Make no mistake, none of this is not intentional. The Horete and its “panel of experts” have studied this problem of the homeless, the strength they acquire from their collective autonomy, their ability to work together, and take care of each other. It was to disrupt that that it sends druggies in to the encampments, to start fights, to create a rat problem, to make racist statements so that neighborhood people would turn away from them. The cops had done that before. It is a familiar tactic. When “First They Came for the Homeless” were being driven from pillar to post, and they got a temporary surcease from police harassment by joining up with the “Save the Post Office” movement, the cops sent some tweakers to camp nearby to give the cops an excuse to raid.

A replay of that was enacted with respect to an Adeline St. encampment member. The Horete told him he could stay in the motel. But when the man said no, all his property was thrown out. His reason? The city had moved one of the disrupters to that same motel. The man feared for his safety. Rather than listen to the homeless person, who did not want to be in the area of someone who started fights, and created chaos, the Horete sought to punish him.

Now we can see what the city and its Horete are buying by giving people a new tent, or 90 days in a motel. It is their submission to police rule; “either you do as we say, or we will try to harm you.” It is called “social control.” To its disgrace, the city council has adopted this position, as the loophole it sought in the once-upon-a-time constitutional right to sleep.

The city is committing a crime in destroying the communities that the homeless build for themselves, as their main way of surviving living on the street. This Horete is committing and committed to the destruction of that culture. And unfortunately, we are all much too familiar with the word that sums that up.

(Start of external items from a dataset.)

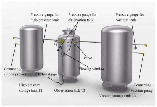 Pressure monitoring devices were arranged on each steel tank, including a pressure gauge on T1, a vacuum gauge on T3, and two high-range vacuum pressure gauges on T2, which could monitor both positive and negative pressure. The measuring range of the pressure gauge used was 1.6 MPa, the scale value was 0.05 MPa, the measuring range of the vacuum gauge was −0.1 MPa, the scale value was 0.002 MPa, the measuring range of the vacuum pressure gauge was from −0.1 to 0.9 MPa, the scale value was 0.02 MPa, and each range was within the pressure range involved in the test.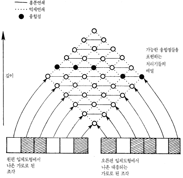 ÀÔüµµÇü¿¡ ´ëÇÑ ¿ÏÈ ÇÁ·Î±×·¥Àº ±×¸² 5.4 ¿Í °°Àº ÀÔüµµÇü ½Ö¿¡¼ ³ª¿Â ¿µéÀ» Ãʱâ ÀÔ·ÂÀ¸·Î ÃëÇϰí, 󸮱⠹è¿Àº °¡´ÉÇÑ À¶ÇÕµéÀÇ ÁýÇÕÀ» ã¾Æ³½´Ù. ÀÌ ¹è¿Àº »ïÂ÷¿øÀûÀ̰í, ±×°Í¿¡¼ ³ª¿Â ÀÌÂ÷¿øÀûÀÎ °¢°¢ÀÇ Á¶°¢Àº µÎ °³ÀÇ ÀÔüµµÇü¿¡¼ ³ª¿Â ÇϳªÀÇ ¼öÆò¿¿¡ ´ëÀÀÇÑ´Ù. ±×¸² 5.10 ÀÌ º¸¿©ÁÖ´Â °Í°ú °°ÀÌ ±×°ÍÀº µÎ ¿µé ³»ÀÇ Á¡µéÀÌ ¸¸µé ¼ö ÀÖ´Â °¡´ÉÇÑ À¶ÇÕ¿¡ µû¸¥ °¢±â ´Ù¸¥ ±íÀ̸¦ ¸ðµÎ Ç¥»óÇÑ´Ù. ±× ¹è¿ ³»ÀÇ °¢ 󸮱â´Â ÇϳªÀÇ ½Å°æ¼¼Æ÷¿Í ¾î´À Á¤µµ À¯»çÇÑ À¯ÇÑ»óÅÂÀÇ ÀåÄ¡ (Á¦ 3 Àå ÂüÁ¶) ÀÌ´Ù. ±×°ÍÀº Ȱ¼ºÀûÀ̰ųª ºñȰ¼ºÀûÀÌ´Ù. ¸¸¾à Ȱ¼ºÀûÀ̸é, ÀϹÝÀûÀ¸·Î ±×°ÍÀº ±× ¹è¿ÀÇ °¡ÀåÀÚ¸®¿¡¼ ÀÔ·ÂµÈ µÎ Á¡µé °£ÀÇ ÇÑ À¶ÇÕÁ¡À» Ç¥»óÇÑ´Ù. ±×°ÍÀÌ ºñȰ¼ºÀûÀ̶ó¸é, ±×°ÍÀº ÀϹÝÀûÀ¸·Î À¶ÇÕÁ¡ÀÌ ¾Æ´Ñ ÇÑ Á¡À» Ç¥»óÇÑ´Ù. µ¶Æ¯¼º Á¦¾à°ú ¿¬¼Ó¼º Á¦¾àÀº Á÷Á¢ÀûÀ¸·Î ±¸ÇöµÈ´Ù. 󸮱âµéÀº °°Àº ±íÀÌÀÇ Æò¸é¿¡ ÀÖ´Â ÀÌ¿ôÇÑ °Íµé°ú ´Ù¸¥ ¼öÆò¸é¿¡ ÀÖ´Â ÀÌ¿ôÇÑ °Íµé¿¡¼ºÎÅÍ (¿¬¼Ó¼º Á¦¾à¿¡ µû¶ó) ÈïºÐÀ» ¹Þ´Â´Ù. ±×°ÍµéÀº µ¿ÀÏ ½Ã¼± ³»ÀÇ Ã³¸®±âµé·ÎºÎÅÍ (µ¶Æ¯¼º Á¦¾à¿¡ µû¶ó) ¾ïÁ¦¸¦ ¹Þ´Â´Ù. 󸮱âµéÀº ¿ªÄ¡ (threshold) ¸¦ °¡Áö¸ç, ÈïºÐ°ú ¾ïÁ¦ÀÇ Á¶ÇÕÀÌ ¿ªÄ¡°ªÀ» ³ÑÀ» ¶§¿¡¸¸ Ȱ¼ºÈµÈ´Ù. ÀÔüµµÇüÀÌ ±× ¹è¿·Î ÀÔ·ÂµÈ ÈÄ, ±×°ÍÀº ÀÏ·ÃÀÇ Áֱ⸦ ÅëÇØ ÁøÇàµÇ¸ç ±×°ÍÀÌ ¾ÈÁ¤µÈ ÇüÅ (configuration) ·Î Á¤ÂøÇÒ ¶§±îÁö °è¼ÓµÈ´Ù. ÀÌ ÇüÅ´ µÎ ÀÔüµµÇüµé °£ÀÇ ÀûÀýÇÑ ´ëÀÀÀ» Ç¥»óÇϸç, ÀÔüµµÇü ³»ÀÇ °¢ Á¡ÀÇ »ó´ëÀûÀÎ ±íÀ̸¦ ¸í·áȽÃŲ´Ù.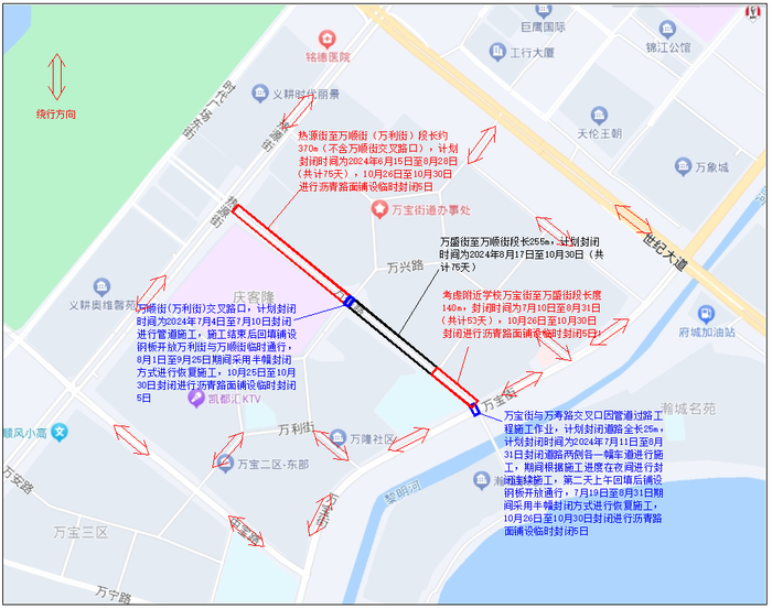 万宝街至万盛街段,封闭时间为7月10日至8月31日;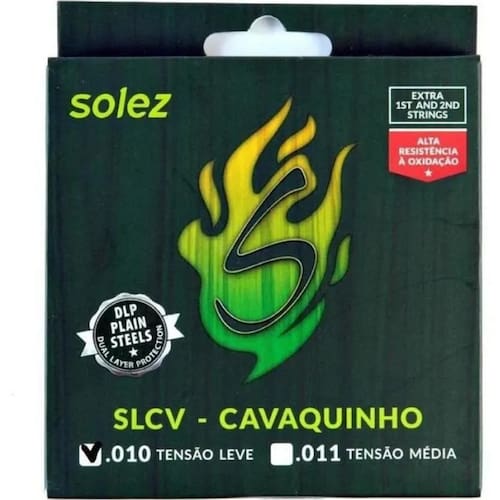 - Fabricação no Brasil com matéria-prima importada de alta qualidade - Indicado para músicos que gostam de flexibilidade com corpo sonoro - Mantém uma boa tocabilidade, porém com timbre mais encorpado. - Extra: Primeira e Segunda cordas extra - Tecnologia DLP, Dual Layer Protection que confere as cordas primas dupla camada de proteção, assim evitando a oxidação precoce causada pelo suor das mãos. Calibres: - 2 x .010 - 2 x .013 - 1 x .020 - 1 x .030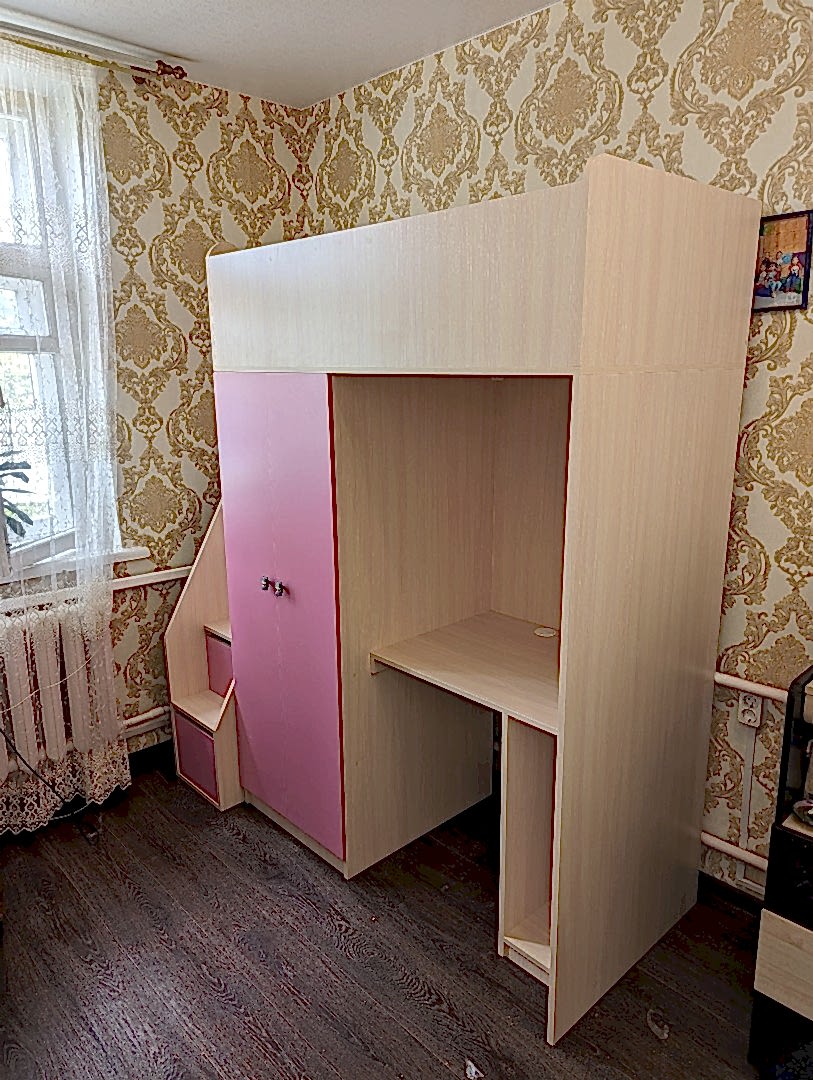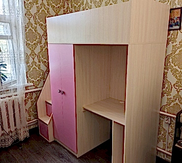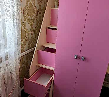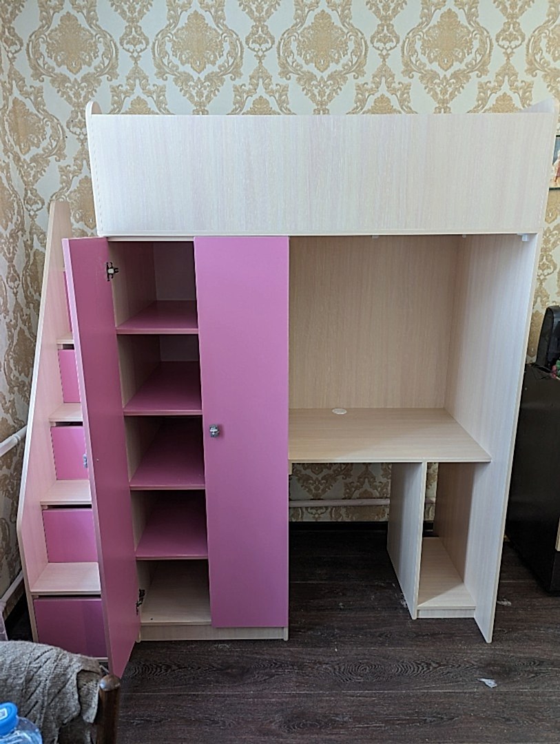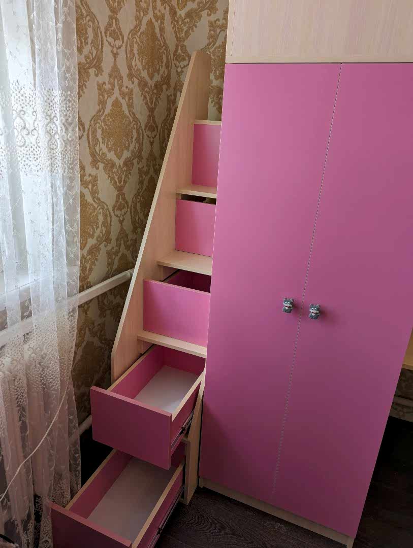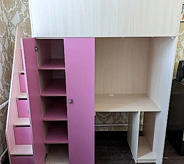 Детская двухъярусная кровать.Под кроватью находится рабочее место и вместительный шкаф. В лестнице так же установлены ящики для хранения. Цвет Лдсп "Дуб молочный и пинк". Направляющие у ящиков шариковые, полного выдвижения. Кровать была установлена в Нижнем Новг. ороде на, ул. Кабанбай батыра, 92.

Steve Martinot is Instructor Emeritus at the Center for Interdisciplinary Programs at San Francisco State University. He is the author of The Rule of Racialization: Class, Identity, Governance, Forms in the Abyss: a Philosophical Bridge between Sartre and Derrida (both Temple) and The Machinery of Whiteness. He is also the editor of two previous books, and translator of Racism by Albert Memmi. He has written extensively on the structures of racism and white supremacy in the United States, as well as on corporate culture and economics, and leads seminars on these subjects in the Bay Area.